Posted to dev@phoenix.apache.org by "James Taylor (JIRA)" <ji...@apache.org> on 2016/02/15 10:57:18 UTC

[jira] [Commented] (PHOENIX-2683) store rowCount and byteCount at guidePost level

    [ https://issues.apache.org/jira/browse/PHOENIX-2683?page=com.atlassian.jira.plugin.system.issuetabpanels:comment-tabpanel&focusedCommentId=15147145#comment-15147145 ] 

James Taylor commented on PHOENIX-2683:
---------------------------------------

Thanks, [~ankit.singhal]. Looks good. One minor thing we can cleanup based on the new guidepost format (unrelated to this change):
- No need to copy the row key or create ImmutableBytesWritable here, instead just modify addGuidePosts to take parameters for byte[] rowArray, int offset, int length:
{code}
diff --git a/phoenix-core/src/main/java/org/apache/phoenix/schema/stats/StatisticsCollector.java b/phoenix-core/src/main/java/org/apache/phoenix/schema/stats/StatisticsCollector.java
index 3462f22..676ff77 100644
--- a/phoenix-core/src/main/java/org/apache/phoenix/schema/stats/StatisticsCollector.java
+++ b/phoenix-core/src/main/java/org/apache/phoenix/schema/stats/StatisticsCollector.java
@@ -190,8 +190,9 @@ public class StatisticsCollector {
             if (byteCount >= guidepostDepth) {
                 byte[] row = ByteUtil.copyKeyBytesIfNecessary(
                         new ImmutableBytesWritable(kv.getRowArray(), kv.getRowOffset(), kv.getRowLength()));
-                if (gps.getSecond().addGuidePosts(row, byteCount)) {
+                if (gps.getSecond().addGuidePosts(row, byteCount, gps.getSecond().getRowCount())) {
                     gps.setFirst(0l);
+                    gps.getSecond().resetRowCount();
                 }
             }
         }
{code}
- Also, a few tests around this would be good.
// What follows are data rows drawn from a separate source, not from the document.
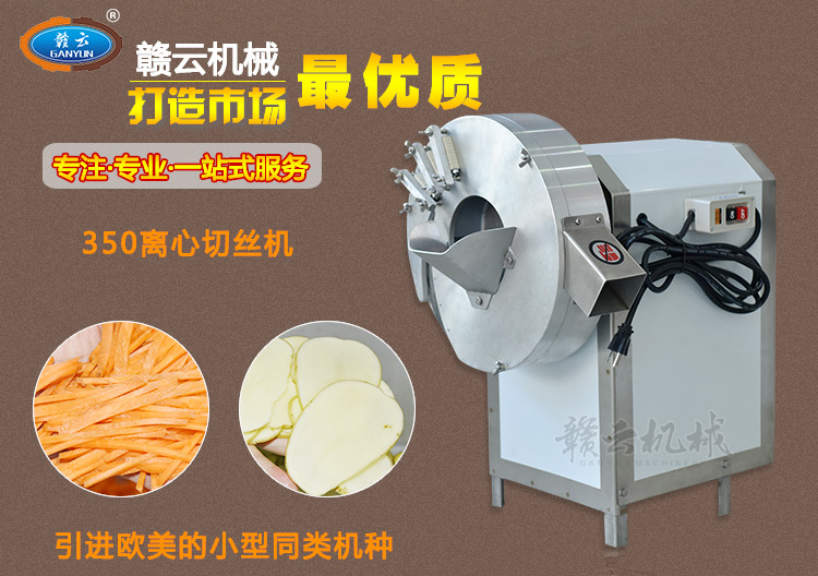 本機采用物料離心作用力使物料與桶壁固定刀片發生切割分離作用,可切出與物料長度基本一致的絲或片,整機采用201不銹鋼板材設計,離心切割部位采用鋁合金材料,耐腐蝕,長期使用不生銹,切絲規格固定不可調,可定制1-3mm切絲刀,將切絲到拆卸下來即可切片。是小型食堂、飯店等球根類切絲切片好幫手。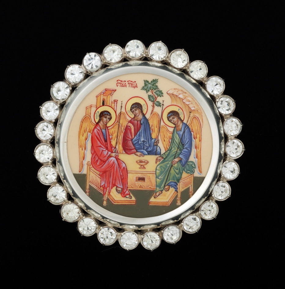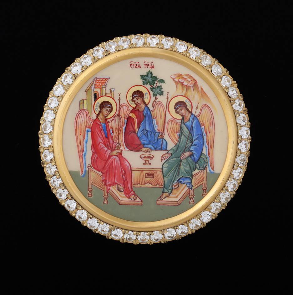 Икона на митру "Троица", живопись, серебро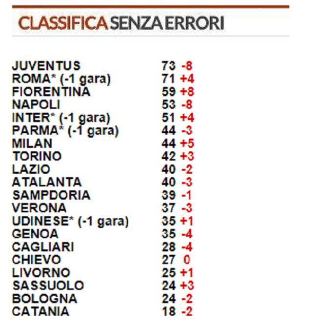 SERIE A LA CLASSIFICA SENZA ERRORI ARBITRALI – Non è stato un mercoledì semplice per gli arbitri italiani, in particolare per Peruzzo che sbaglia tutto in Genoa-Lazio non dando un rigore per parte. Sbaglia anche Banti sull’espulsione di Amauri che le moviole evidenziano come non si tratti di un atto cattivo e sbaglia non espellendo Tevez per una manata che gli costa il cartellino giallo e la squalifica. Fuorigioco millimetrico di Destro in Roma-Torino e fuorigioco anche in Sassuolo-Sampdoria sul gol di Longhi. Ecco, dunque, la classifica senza errori arbitrali ricostruita da Panorama.it.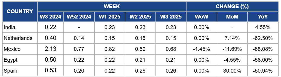 Onion prices in Spain remained steady at USD 0.26/kg in W3, with a 30% MoM increase due to continued export demand and the ongoing transitional period between harvest cycles, which has limited supply. However, there is a significant drop of 50.94% YoY due to the higher availability of domestic onions last year, which has since been depleted as the Spanish onion harvest concluded earlier, coupled with the impact of weather conditions on last season's production, leading to lower YoY prices.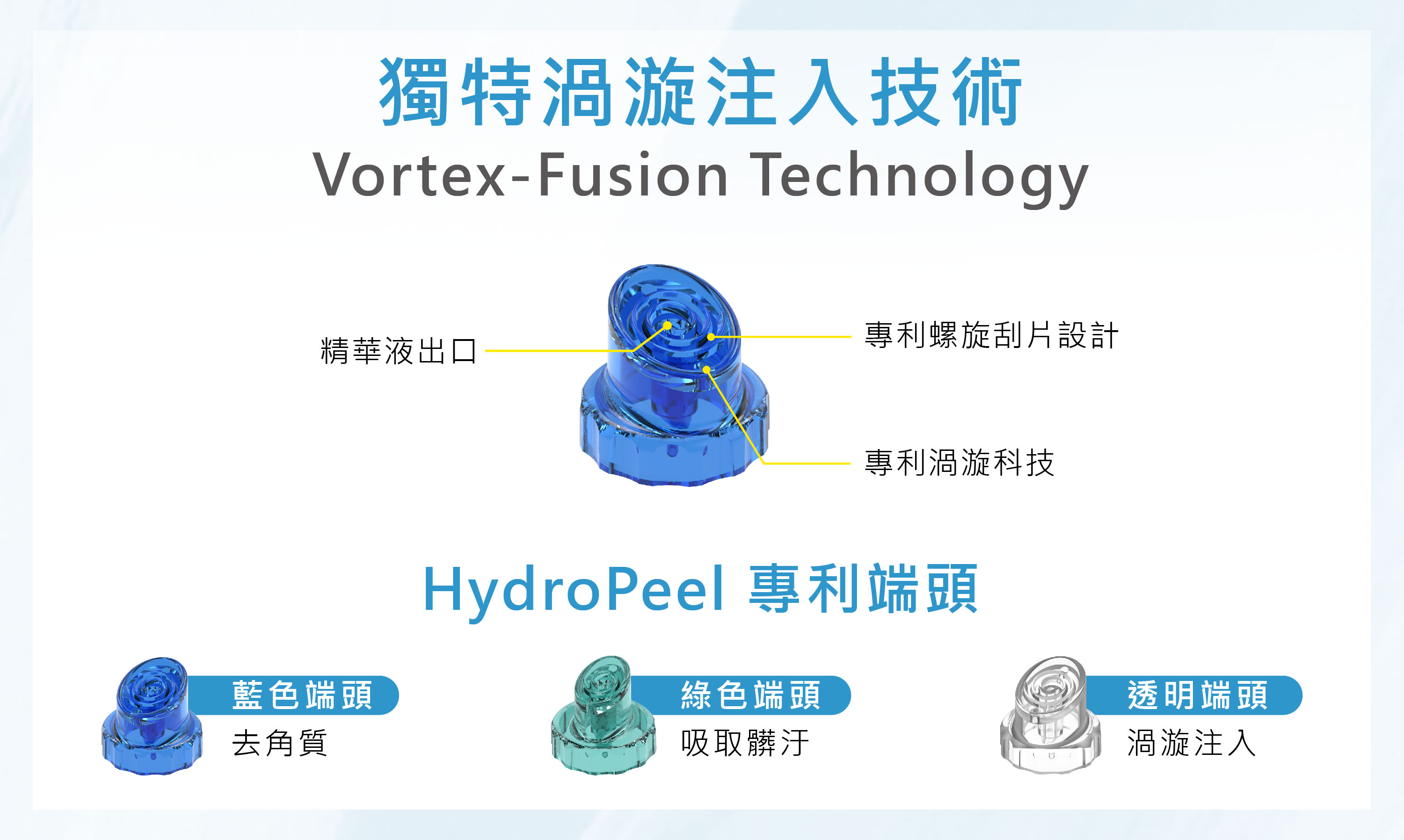 採用渦漩注入技術吸引清理堵塞的毛孔,去除多餘的油脂、黑頭及污垢。

> store rowCount and byteCount at guidePost level
> -----------------------------------------------
>
>                 Key: PHOENIX-2683
>                 URL: https://issues.apache.org/jira/browse/PHOENIX-2683
>             Project: Phoenix
>          Issue Type: Bug
>            Reporter: Ankit Singhal
>            Assignee: Ankit Singhal
>            Priority: Minor
>             Fix For: 4.7.0
>
>         Attachments: PHOENIX-2683.patch
>
>
> The GUIDE_POSTS_WIDTH and GUIDE_POSTS_ROW_COUNT should contain the number
> of bytes and number of rows which were traversed since the last guidepost.
> So given some start key and stop key from a scan and knowledge that a given
> column family is used in a query, you should be able to run a query like
> this:
> SELECT SUM(GUIDE_POSTS_WIDTH) bytes_traversed,
>     SUM(GUIDE_POSTS_ROW_COUNT) rows_traversed
> FROM SYSTEM.STATS
> WHERE COLUMN_FAMILY = :1
> AND GUIDE_POST_KEY >= :2
> AND GUIDE_POST_KEY < :3
> where :1 is the column family, :2 is the start row of the scan, and :3 is
> the stop row of the scan. The result of the query should tell you the
> bytes_traversed and the rows_traversed with a granularity of the
> phoenix.stats.guidepost.width config parameter.
> Description is copied from dev mail thread.



--
This message was sent by Atlassian JIRA
(v6.3.4#6332)